Apple’s USB-C Path to the iPhone Has Been Strange



If things go as rumored, the iPhone will switch to a USB-C connector in just a few weeks for the iPhone 15.  This ends a will they or won’t they quite frankly lasted almost as long as Mulder and Scully.  The USB Type C Connector is not new to Apple.  In fact, entire generations of Macs that use this connector have been removed from support for macOS Sonoma.  Nobody outside of Apple knows exactly why it took eight years to introduce this to the iPhone, so let’s look at the technology and its disadvantages.

What is USB-C?

Exactly what USB-C is frankly confuses people.  It’s not a technology itself, but a connector.  It’s designed to replace multiple different connectors with a single one that is just slightly larger than Apple’s proprietary Lightning connector.  Essentially it replaces USB Type A, USB Type B, Micro USB, Mini USB, USB-B 3.0, Mini- Displayport, Displayport, Mini-HDMI, HDMI, and Thunderbolt with a single port.  

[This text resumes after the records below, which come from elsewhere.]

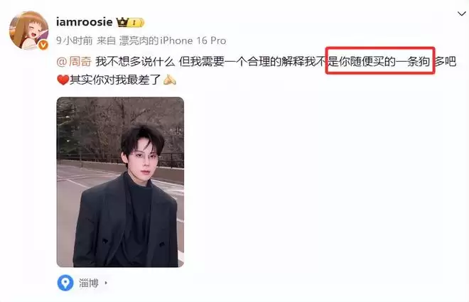 后面这姐姐还发疯的骂了周奇,说她需要一个合理的解释,称自己不是对方买的一条狗,还说周奇对自己最差。
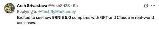 近期,一则信号悄然释放:11 月 8 日,LMArena 大模型竞技场最新排名显示,文心全新模型 ERNIE-5.0-Preview-1022 登上文本排行榜全球并列第二、中国第一,甚至在多项核心指标上超过 GPT-5-High 等国内外主流模型。这一消息旋即引发了海外科技界与行业分析师的广泛热议,在 X 等社交媒体平台中,可以看到众多用户与开发者表达了对文心全新模型的期待。
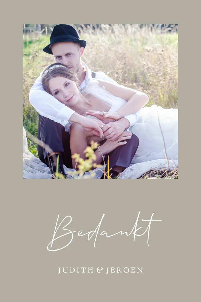 Moderne staande bedankkaart met foto in aardetint. (24330)
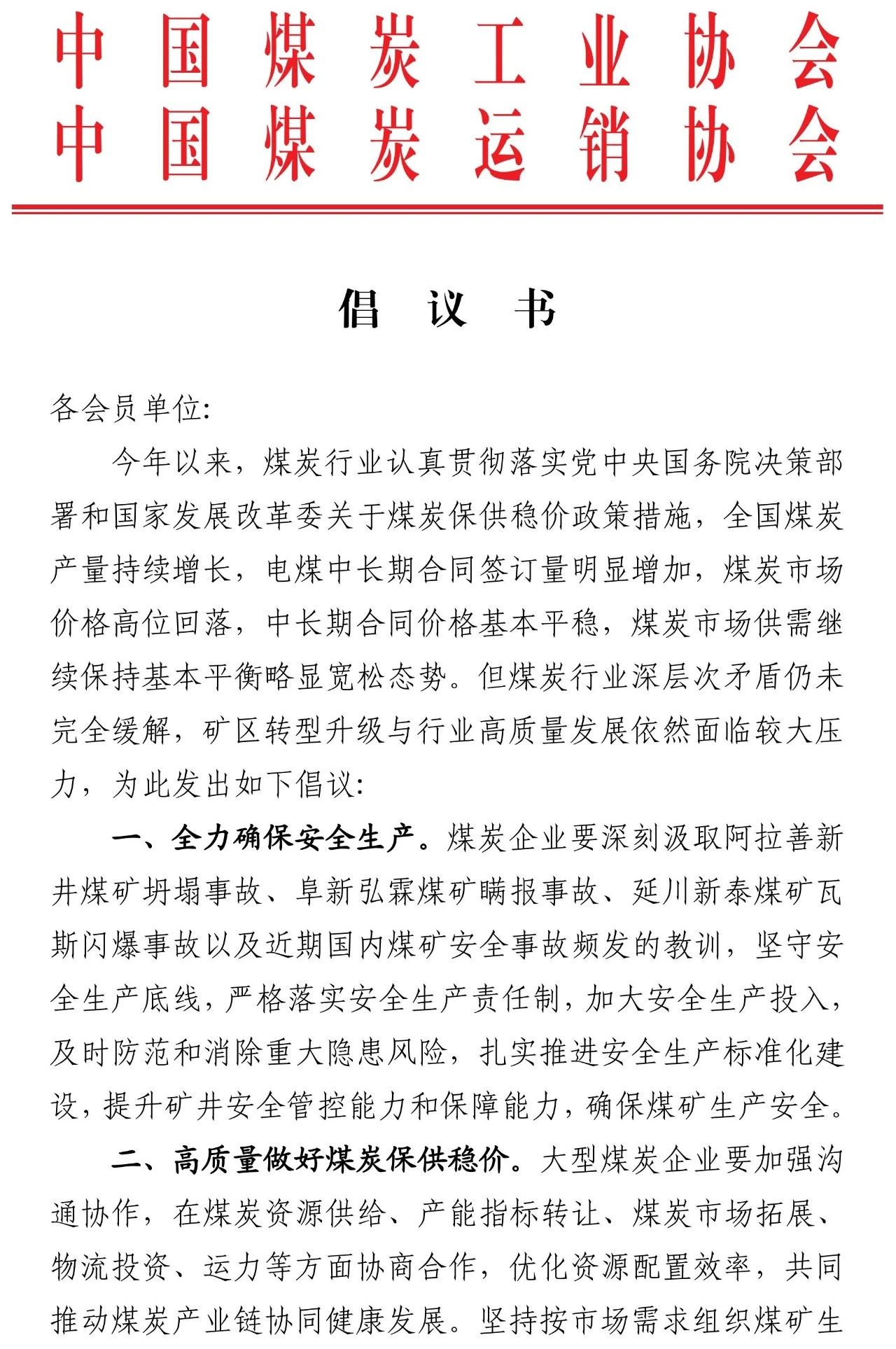 今年以来,煤炭行业认真贯彻落实党中央国务院决策部署和国家发展改革委关于煤炭保供稳价政策措施,全国煤炭产量持续增长,电煤中长期合同签订量明显增加,煤炭市场价格高位回落,中长期合同价格基本平稳,煤炭市场供需继续保持基本平衡略显宽松态势。但煤炭行业深层次矛盾仍未完全缓解,矿区转型升级与行业高质量发展依然面临较大压力,为此发出如下倡议:
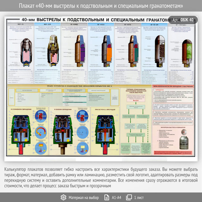 Плакат «40-мм выстрелы к подствольным и специальным гранатометам» (ОБЖ-40, 1 лист) в Твери купить
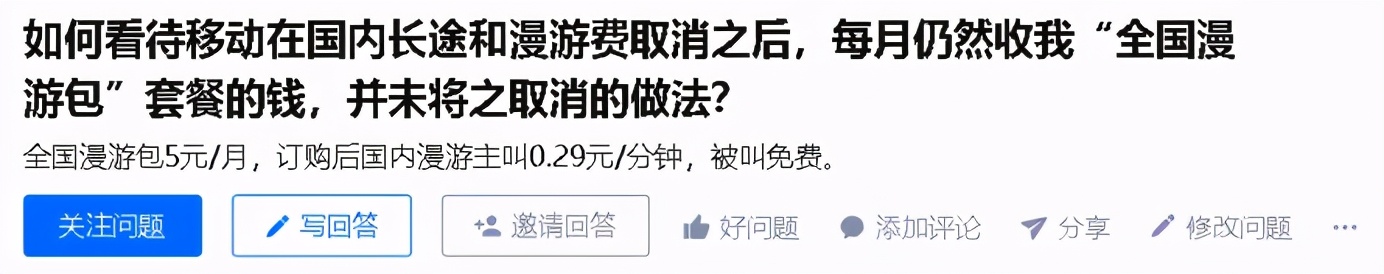 按说,自2017年9月1日起,中国电信、中国移动、中国联通三大运营商全面取消手机国内长途和漫游费(不含港澳台),比原计划提前了1个月。但实际上,即便在2018年,某知名问答论坛上,还有网友反映“漫游包套餐”的费用仍在收取:
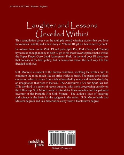 The award winning Adventures of PJ and Split Pea returns in a four volume fun filled set. Now readers can enjoy the hilarious antics of little PJ and his wise cracking British Parrot Split Pea in one collection for a low price. Join PJ and Split Pea on their funny adventures in: Fine Feathered Friends Vol I PJ meets a new friend named Split Pea. Through a series of comedic antics PJ tries to give Split Pea a makeover, but holy hummingbirds humor ensues instead. In the end PJ and Split Pea learn to love and accept each other just the way they are. Nothing but the Tooth Vol II PJ has had a few embarrassing school pictures in his young career. After an incident with a green Magic Marker, PJ ends up looking startlingly similar to a Martian in one photo. In another, he's a gluey-haired mess. But this year, PJ is determined to get a decent photograph-until, that is, he wakes up missing a tooth only one day before class pictures. PJ and his pal Split Pea embark on a series of misadventures in their quest to buy, beg, and even "borrow" a new set of teeth for Picture Day. What could possibly go wrong? In the Pink Vol III PJ is excited about paying for a school trip to his favorite amusement park in the whole world, Super Duper Gyro Land. Unfortunately, when PJ arrives at school he finds a huge hole in his pocket and his trip money is missing. PJ, Split Pea and their pals Pork Chop and Cheese decide to put on a carnival to raise money for PJ, but hilarity ensues instead. In the end PJ and Split Pea learn lessons about trust, honesty, and the dreaded pinky eye. The Adventures of PJ and Split Pea Coloring and Activity Book As an added bonus, readers can now enjoy The Adventures of PJ and Split Pea in a coloring and activity book. About the Author Award winning Author: S.D. Moore is an Air Force veteran who has served as the director of a youth center, host of a self-improvement radio show, patented inventor of The Portable Hot Sink System, and more. She has
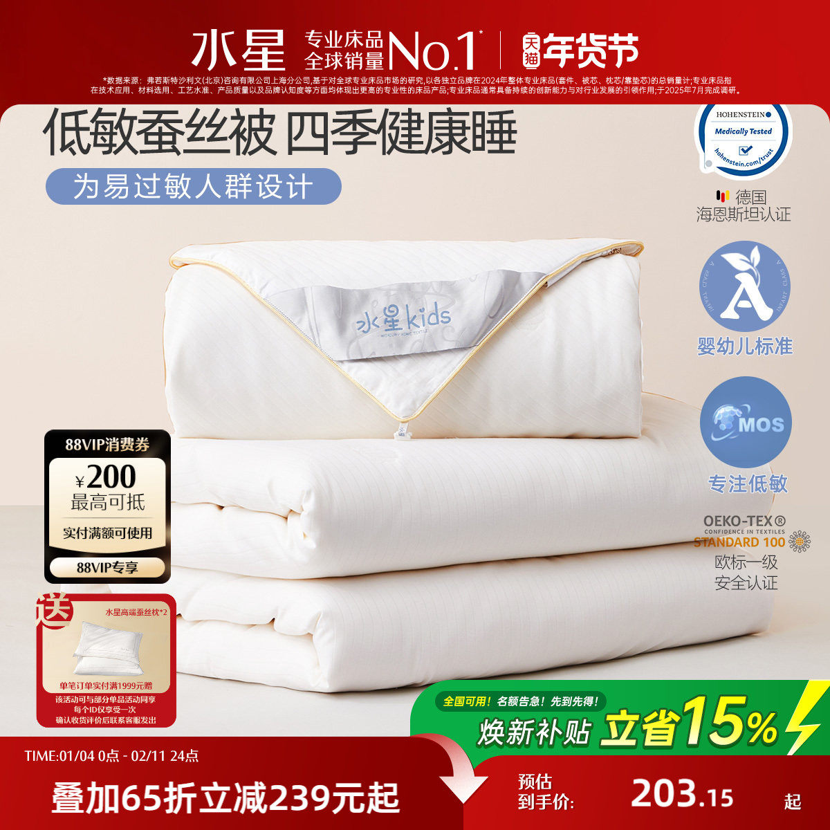 水星家纺100%蚕丝被芯抗菌冬季被子蚕丝子母被二合一被新年送礼
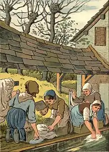 - Normand : lavous (*) ; dou à laver (*) ; lav’thie (*) ; lav’rie (*) ; lavdjii (*), dou (*), douet (*), douit (*)
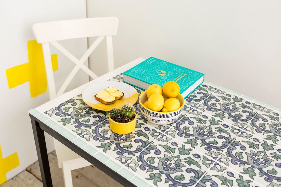 Add a backsplash. Install a peel-and-stick removable tile (like this Mint Shell print) if you are a renter or just don't want to commit long-term. Removable wallpaper like the Lemon Branch print below also makes an amazing visual impact.
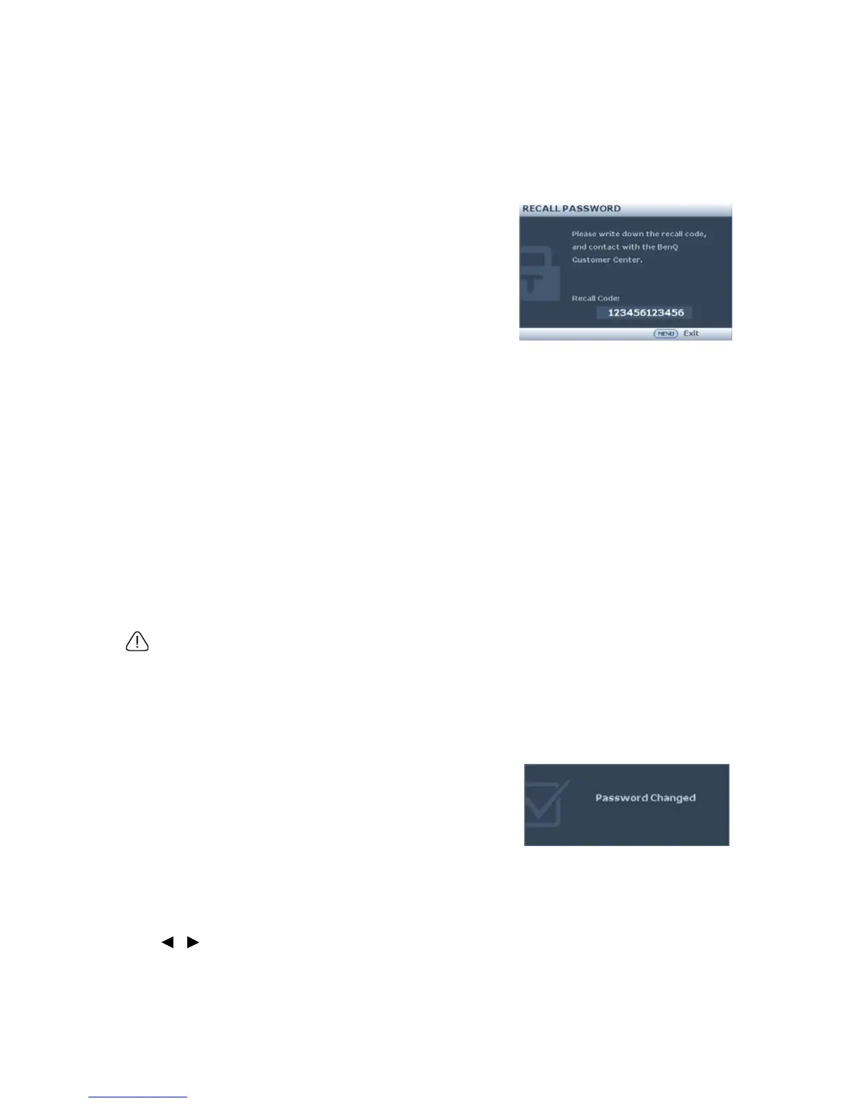 Yo u c a n p r e s s MENU/EXIT to cancel the change or try another password.
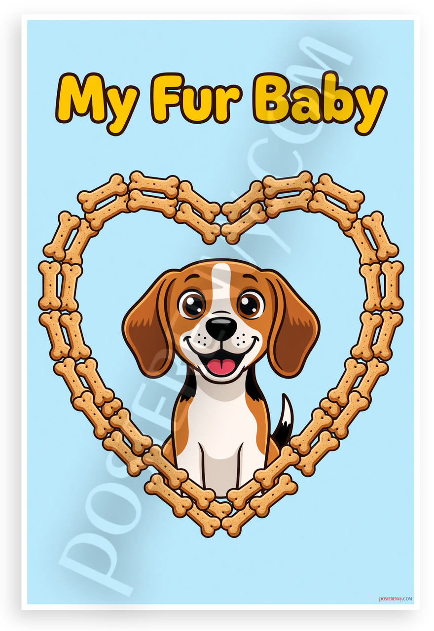 - Premium Print: This PosterEnvy 12x18 inch poster is printed on Durable, Heavy Duty Paper, Designed to last many years. Features cartoon Beagle in dog bone heart with My Fur Baby text
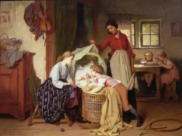 На Руси детей старались рожать дома, а ещё лучше – в бане, в тепле, подальше от чужих глаз. Следуя приметам, чтобы облегчить роды, роженице расплетали косы, с неё снимали украшения, распоясывали. Все сундуки, шкафы, окна и двери следовало открыть. Помогали роженицам повитухи, причем делали они это не только во время родов, но еще и вели хозяйство на протяжении 8 дней после.
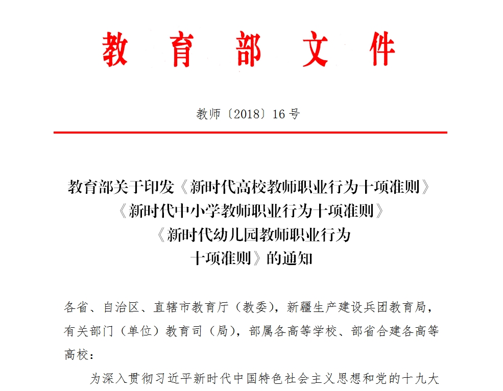 为深入贯彻习近平新时代中国特色社会主义思想和党的十九大精神,深入贯彻落实全国教育大会精神,扎实推进《中共中央 国务院关于全面深化新时代教师队伍建设改革的意见》的实施,进一步加强师德师风建设,我部研究制定了《新时代高校教师职业行为十项准则》《新时代中小学教师职业行为十项准则》《新时代幼儿园教师职业行为十项准则》(以下统称准则)。现印发给你们,请结合实际,认真贯彻执行。

Where it gets confusing, anyone USB-C port may not do all of that.  It can be charge only, USB 2.x, USB 3.x, 4.x, data, Thunderbolt 3 or 4 with Displayport or HDMI alternative modes.  In other words, unless you buy a Thunderbolt 4 cable and use it with a Thunderbolt 4 port, you cannot be entirely sure your port can do all of that.  In fact, with Apple’s current iPad Line up, the iPad 10 uses USB 2.0 USB-C, the iPad mini 6 has a 5Gbps USB-C Port, the iPad Air 5 has a 10Gbps USB-C Port, and the M2 iPad Pro has Thunderbolt 3/ USB 4 using the Type-C connector.  Yeah, it gets confusing.  However, the confusion is among experienced users.  The vast majority of users I’ve talked to do not use their iPhone for data transfer, they only charge it.  The Type-C connector on any Mac or iPad can charge using any standard USB-C Power brick.  Ironically, so can the vast majority of non-Apple phones and devices.  

Long-Lived Lightning 

Lightning was revolutionary when it replaced Apple’s 30-pin connector just shy of 11 years ago.  It was impossibly small, reversible, and magnetic, and the USB 2.0 data speeds were pretty speedy at the time.  As it’s phased out, it should be something that is very fondly remembered by the Apple faithful.  In fact, it was the inspiration of USB Type-C, which Apple introduced to the 12” MacBook in 2015, the MacBook Pro the following year, and the MacBook Air in 2018.  The Mac pushed the adoption of the type-C connector and the industry followed for computers, phones, tablets, and accessories.  The holdout was ironically Apple’s mobile devices and accessories.  

Final thoughts

So what’s the legacy of Lighting in 2023?  Confusion.  I have a family member with a MacBook Air 4th gen. to my family member, the cable looks the same as the lighting cable going to their iPhone.  They are confused as to why this cable will work with their tablet, my Mac, and the Android phone of a family friend, but not their iPhone.  The same goes for the lighting version of the silver Apple TV remote.  They do not care which version of USB or Thunderbolt or HDMI or DisplayPort the port supports.  The overwhelming majority of iPhone users are not tech-savvy.  They do not care that a USB 2.0 USB-C cable wouldn’t have any speed advantages over Lighting.  They care able being able to charge their devices from the same cable.  USB-C became the standard cable of the industry years ago.  When Apple introduced the iPhone of the future in 2017, the iPhone X, it should have been USB-C with 2.0 speeds.  


While the data side is a mess, having a single device connector that can charge any iPhone, iPad, Mac, or accessory fulfills the Apple promise of it just works.